It certainly makes a refreshing change to hear a female jazz singer attempting something different from the usual format of lukewarm covers of standards in a package where the cover shots are hotter than the material.

This latest release on her own label from Scottish singer Sophie Bancroft shows her to be a talented singer and songwriter. The material is virtually all self-penned and eschews standards altogether. Although grounded in jazz the material ranges widely enough to take in folk and pop influences.

Bancroft has a clear, precise voice which is hauntingly effective on slow, ethereal folk influenced material such as “Wandering Angel”. However, she is equally at home with light, poppy songs like “Show Me what A Man Can Do”(featuring Sara Blumenstein’s lyrics) and Wendy Waldman’s “Mad Mad Me”. Her jazz phrasing is particularly effective on the title track and also on “Cruel Or Just Kind”.

Besides her vocal contribution Bancroft also plays guitar on most of the songs. She has also gathered a first class band about her and they are a big boost to the album’s success. The band are among the cream of Scottish jazz musicians and with the scene north of the border so strong at present this is quite a recommendation.

The core of the group are Dave Milligan on piano, Tom Lyne (bass) Sandy Wright (guitar) and drummer Donald Hay. The peerless Milligan doubles on organ on the title track, contributes a sparkling piano solo on “Cruel Or Just Kind”, helps with the arrangements and is generally excellent throughout. Lyne plays swingingly and sympathetically and Hay’s tasteful and economic drums and percussion complete a top class rhythm section.

(Incidentally Milligan and Lyne appear on an excellent piano trio album “Late Show” recorded under Milligan’s leadership. Drummer Tom Bancroft completes the trio and the album was released on the Caber label in 2003.)

Sandy Wright contributes a wide range of guitar sounds which are always apposite to the tune in question. He even gets the chance to rock out a little on “No Matter What”. Wright also contributes a composition the slyly humorous “Hotel” which features some of Bancroft’s best jazz singing.

Saxophonist Phil Bancroft adds a brief coda to “Beautiful Place” but his main role is in the producer’s chair assisted by Sophie and by Tom Lyne.
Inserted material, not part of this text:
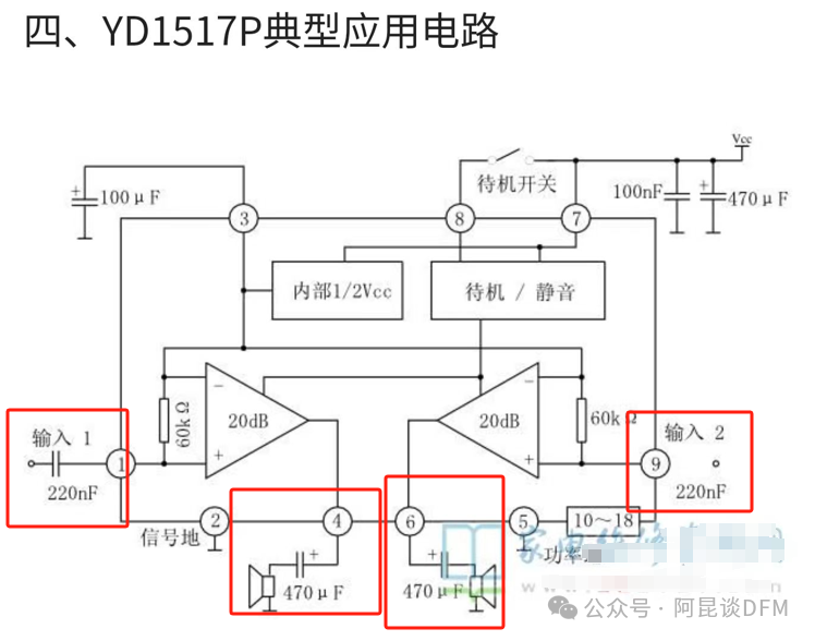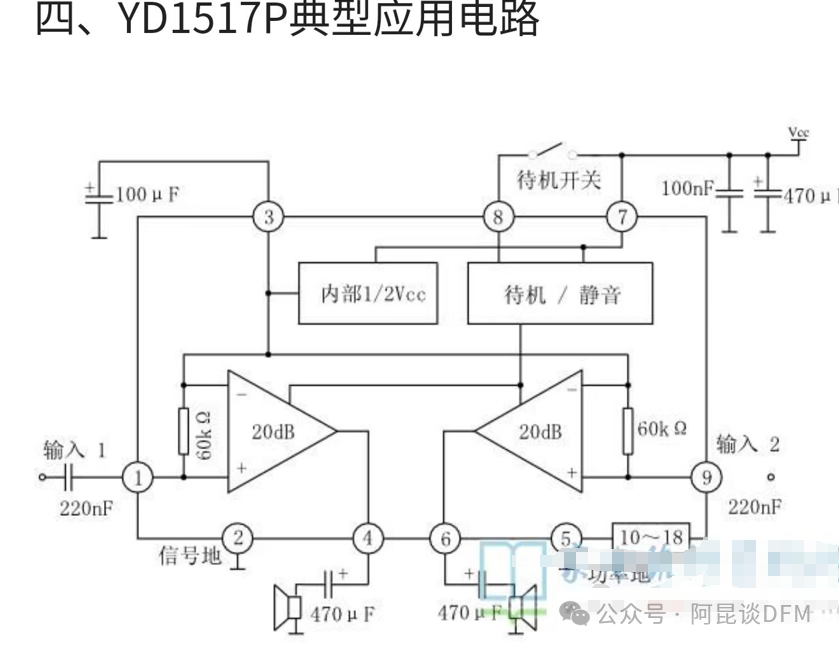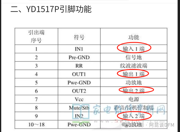 这是功放部分电路芯片,芯片型号为YD1517P,我们看下规格书

Sophie Bancroft’s lyrical concerns vary from the sensuality of the title track to the environmental sentiments of “Easy To See”. “In Your Solitude ” is a survivor’s anthem and “No Matter What” a hard hitting put down. By contrast “Beautiful Place”,” Wandering Angel” and “Butterfly” are ethereal and wistful. The two more straight ahead love songs come from outside lyricists (Blumenstein and Waldman as mentioned above). In general Bancroft’s lyrics are well crafted and sometimes thought provoking.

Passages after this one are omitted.